Content starts

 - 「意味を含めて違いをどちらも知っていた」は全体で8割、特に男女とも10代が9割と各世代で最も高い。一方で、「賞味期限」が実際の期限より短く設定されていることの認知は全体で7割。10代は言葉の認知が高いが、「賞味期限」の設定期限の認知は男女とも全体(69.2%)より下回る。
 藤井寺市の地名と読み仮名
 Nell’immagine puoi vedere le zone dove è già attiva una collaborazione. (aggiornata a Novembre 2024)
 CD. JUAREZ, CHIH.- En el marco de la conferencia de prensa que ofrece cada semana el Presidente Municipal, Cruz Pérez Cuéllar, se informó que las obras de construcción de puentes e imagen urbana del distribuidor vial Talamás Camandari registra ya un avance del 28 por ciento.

Content ends
Content starts

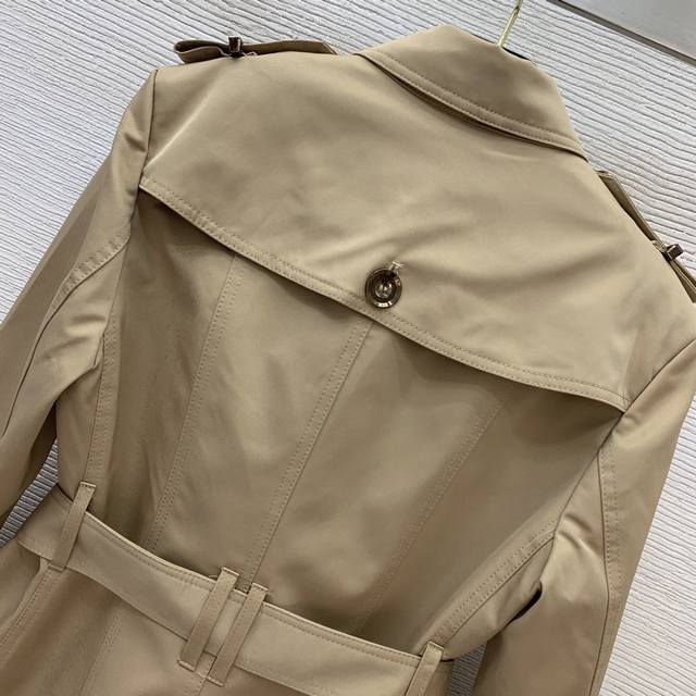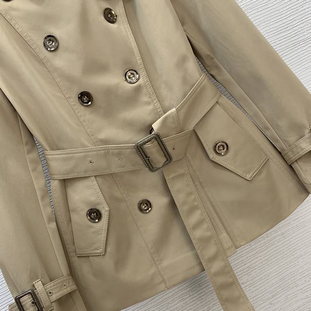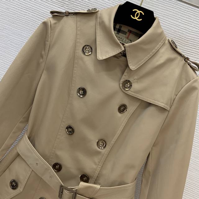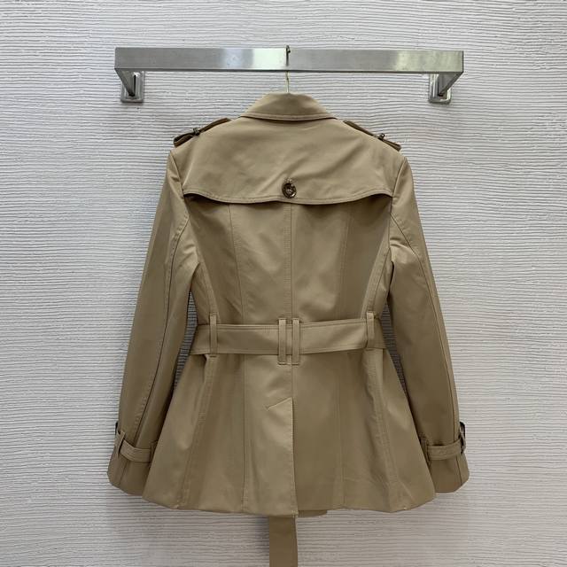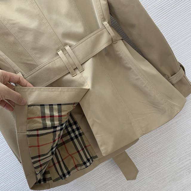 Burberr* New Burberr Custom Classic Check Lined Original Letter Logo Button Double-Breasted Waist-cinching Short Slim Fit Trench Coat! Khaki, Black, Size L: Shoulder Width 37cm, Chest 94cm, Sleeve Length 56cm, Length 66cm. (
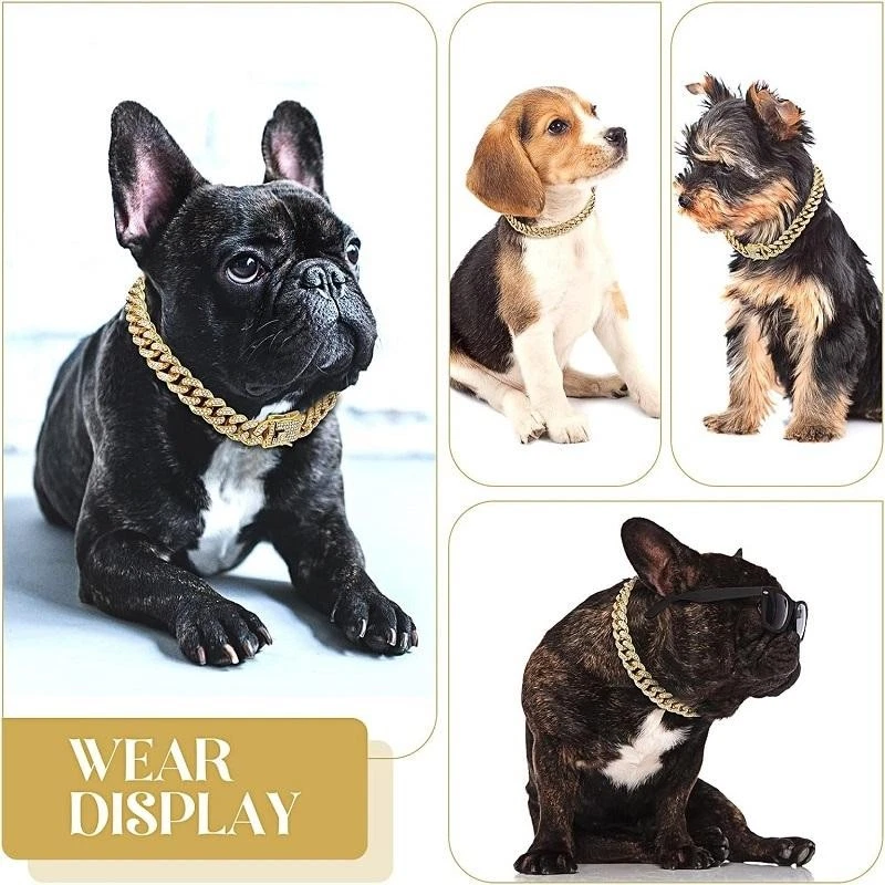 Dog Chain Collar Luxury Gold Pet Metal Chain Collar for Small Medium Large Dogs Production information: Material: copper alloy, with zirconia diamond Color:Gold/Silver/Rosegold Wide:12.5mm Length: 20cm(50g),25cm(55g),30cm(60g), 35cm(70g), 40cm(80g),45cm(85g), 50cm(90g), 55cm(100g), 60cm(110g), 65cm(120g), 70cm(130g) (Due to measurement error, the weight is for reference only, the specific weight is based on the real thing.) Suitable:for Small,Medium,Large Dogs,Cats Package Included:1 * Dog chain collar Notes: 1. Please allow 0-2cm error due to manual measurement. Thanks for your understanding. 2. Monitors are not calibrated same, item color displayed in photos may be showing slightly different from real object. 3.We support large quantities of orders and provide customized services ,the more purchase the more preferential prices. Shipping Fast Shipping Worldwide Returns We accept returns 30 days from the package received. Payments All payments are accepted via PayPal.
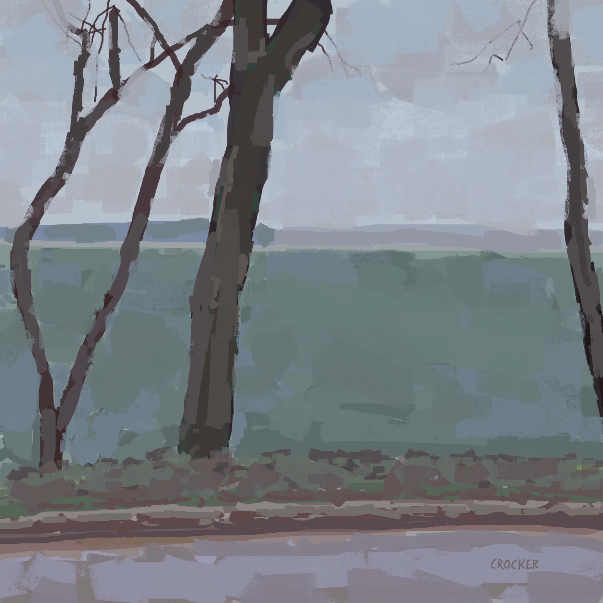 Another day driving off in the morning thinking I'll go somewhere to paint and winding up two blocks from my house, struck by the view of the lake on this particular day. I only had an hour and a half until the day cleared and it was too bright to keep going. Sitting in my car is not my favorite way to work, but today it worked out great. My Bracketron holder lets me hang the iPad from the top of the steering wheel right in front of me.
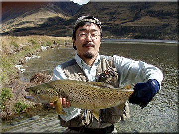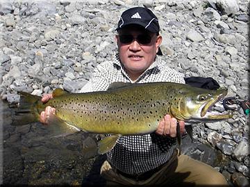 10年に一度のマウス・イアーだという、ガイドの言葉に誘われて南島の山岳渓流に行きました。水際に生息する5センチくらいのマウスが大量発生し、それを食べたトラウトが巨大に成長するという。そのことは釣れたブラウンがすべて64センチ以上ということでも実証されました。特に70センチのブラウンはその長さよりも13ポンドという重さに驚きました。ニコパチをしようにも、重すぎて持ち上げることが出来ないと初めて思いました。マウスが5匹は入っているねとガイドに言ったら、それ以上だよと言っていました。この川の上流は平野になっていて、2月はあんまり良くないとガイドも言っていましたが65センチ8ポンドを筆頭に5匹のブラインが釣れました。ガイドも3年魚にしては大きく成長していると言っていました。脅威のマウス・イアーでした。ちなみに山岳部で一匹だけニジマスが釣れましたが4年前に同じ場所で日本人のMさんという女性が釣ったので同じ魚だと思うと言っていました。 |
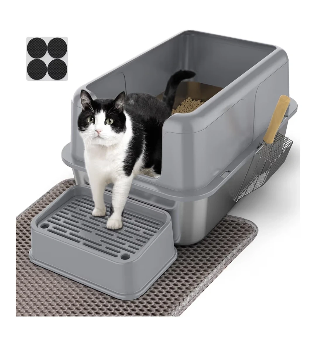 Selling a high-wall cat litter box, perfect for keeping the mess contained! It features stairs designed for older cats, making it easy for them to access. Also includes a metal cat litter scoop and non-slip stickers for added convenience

Content ends

**Exercise description**
Would you copy the lines above exactly, starting with the one that has "10年に一度のマウス・イアー" and ending with the one that has "Selling a high-wall", both included, without the pictures?

**Task answer**
 10年に一度のマウス・イアーだという、ガイドの言葉に誘われて南島の山岳渓流に行きました。水際に生息する5センチくらいのマウスが大量発生し、それを食べたトラウトが巨大に成長するという。そのことは釣れたブラウンがすべて64センチ以上ということでも実証されました。特に70センチのブラウンはその長さよりも13ポンドという重さに驚きました。ニコパチをしようにも、重すぎて持ち上げることが出来ないと初めて思いました。マウスが5匹は入っているねとガイドに言ったら、それ以上だよと言っていました。この川の上流は平野になっていて、2月はあんまり良くないとガイドも言っていましたが65センチ8ポンドを筆頭に5匹のブラインが釣れました。ガイドも3年魚にしては大きく成長していると言っていました。脅威のマウス・イアーでした。ちなみに山岳部で一匹だけニジマスが釣れましたが4年前に同じ場所で日本人のMさんという女性が釣ったので同じ魚だと思うと言っていました。 |
 Selling a high-wall cat litter box, perfect for keeping the mess contained! It features stairs designed for older cats, making it easy for them to access. Also includes a metal cat litter scoop and non-slip stickers for added convenience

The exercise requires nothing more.